I can’t get away from the words. Ever.
Neurotypical people can reason through a stressful situation, but autistics have difficulty doing that because the anxiety experienced in everyday life clouds their thoughts. They stim over language because it’s comforting, like talking an issue over with a friend is beneficial to us. So, whoever the autistic person lives with gets to hear the stim as well.
What is stimming? It is the constant repetition of language (or any physical movement in fact. Hand flapping is a popular stim, pressing light switches on and off, flicking one’s collar, and so on.) It is comforting – self stimulatory. Hence ‘stimming’.
I can usually cope well with stimming.
But not that day. I think I was a bit stressed. It had been a shit day, really.
The next morning…
“It was the red one,” he said.
The red one? Postman Pat’s Royal Mail Van. Oh, my goodness, it wasn’t Sam’s van after all. I thought at the time it was extraordinary that he would damage the toy he loved the most.
Then he said, “Don’t hit the red one anymore. Don’t hit, like Muriel did.”
Alarm bells in my head.
Muriel, I remember her. She was an American cartoon character who was always horrible to her husband, Eustace. And she hit Courage, Eustace’s dog, with a rolling pin because he wouldn’t sleep in the attic. (Good grief, cartoons can be traumatising.)

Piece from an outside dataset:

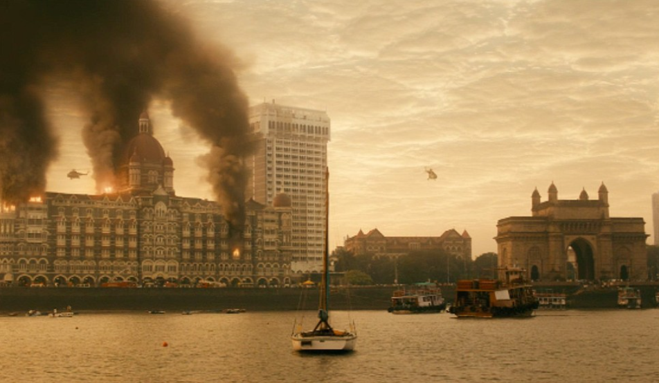 영화 속 첫 사건은 ‘트라이던트 오베로이 호텔’ 레스토랑에서 들리는 총성 소리와 함께한다. 호텔 직원들은 단순히 불량배들의 소행이라고 생각했지만 얼마 안가 ‘타지마할 호텔’로 들이닥친 테러범들은 로비에 있는 직원들은 난사하고 투숙객들에게도 무차별 총기를 난사한다.

That’s what I mean about scripts playing endlessly in his head. He was clearly cross about something yesterday, so he took Muriel’s script and acted it out because it was, to him, an appropriate way to express his anger and frustration.
He sleeps poorly, does our Lin. He slept several hours after his meltdown. For the first time ever in his twenty-seven years, I didn’t wake him for dinner. He awoke by himself, much later, got up and apologised.
“You’re sorry you got angry”, he said and immediately followed it with “Thank you for your apology.”
For the uninitiated, this dialogue exemplifies the Semantic Pragmatic Disorder. When he’s stressed, the SPD comes to the fore and the wrong pronoun comes out.
This language also shows he is genuinely sorry. He wouldn’t tell me he was sorry if he wasn’t. And anticipating my response by saying ‘thank you for your apology’ means he’s hoping I will have calmed down and will respond with those words. That would make him feel better. If I have calmed down, I’m likely to accept his apology and things will be on an even keel again.